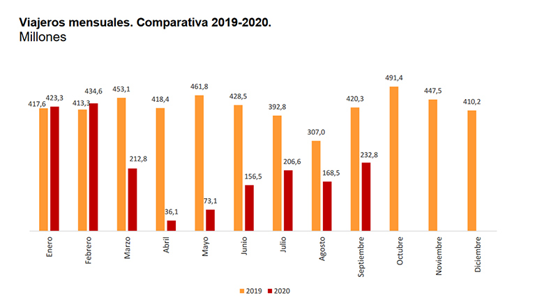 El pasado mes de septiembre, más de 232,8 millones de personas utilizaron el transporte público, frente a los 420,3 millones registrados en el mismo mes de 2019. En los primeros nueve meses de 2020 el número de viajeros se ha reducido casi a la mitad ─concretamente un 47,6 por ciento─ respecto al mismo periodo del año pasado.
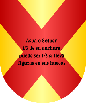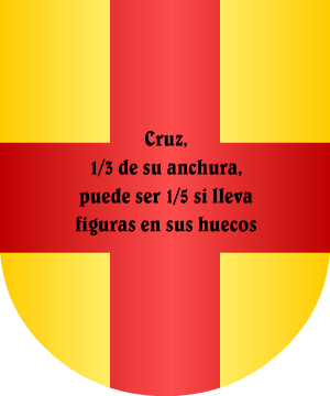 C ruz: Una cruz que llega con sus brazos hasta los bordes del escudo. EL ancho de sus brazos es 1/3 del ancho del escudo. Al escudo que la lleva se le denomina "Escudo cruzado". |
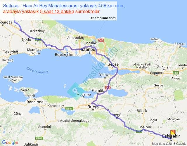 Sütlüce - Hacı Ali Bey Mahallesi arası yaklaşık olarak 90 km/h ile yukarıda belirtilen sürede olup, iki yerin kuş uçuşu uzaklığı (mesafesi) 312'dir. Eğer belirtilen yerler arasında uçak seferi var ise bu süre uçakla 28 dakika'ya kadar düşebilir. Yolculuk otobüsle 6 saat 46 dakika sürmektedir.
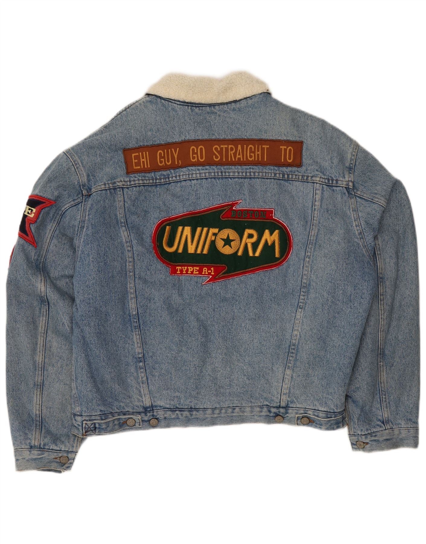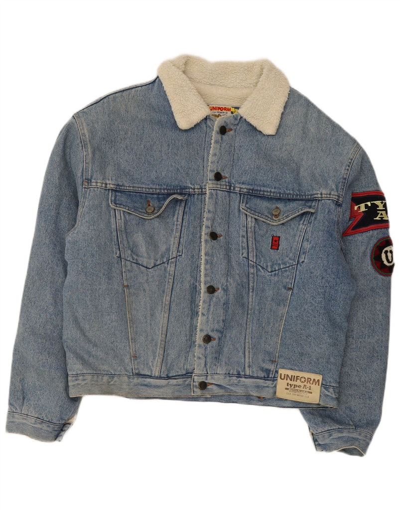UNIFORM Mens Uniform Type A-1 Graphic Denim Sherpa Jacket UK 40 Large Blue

**Assigned task**
Copy, without the pictures, exactly the lines from the line with "Sütlüce - Hacı" through the end of the material above, both ends included.

**Task answer**
 Sütlüce - Hacı Ali Bey Mahallesi arası yaklaşık olarak 90 km/h ile yukarıda belirtilen sürede olup, iki yerin kuş uçuşu uzaklığı (mesafesi) 312'dir. Eğer belirtilen yerler arasında uçak seferi var ise bu süre uçakla 28 dakika'ya kadar düşebilir. Yolculuk otobüsle 6 saat 46 dakika sürmektedir.
UNIFORM Mens Uniform Type A-1 Graphic Denim Sherpa Jacket UK 40 Large Blue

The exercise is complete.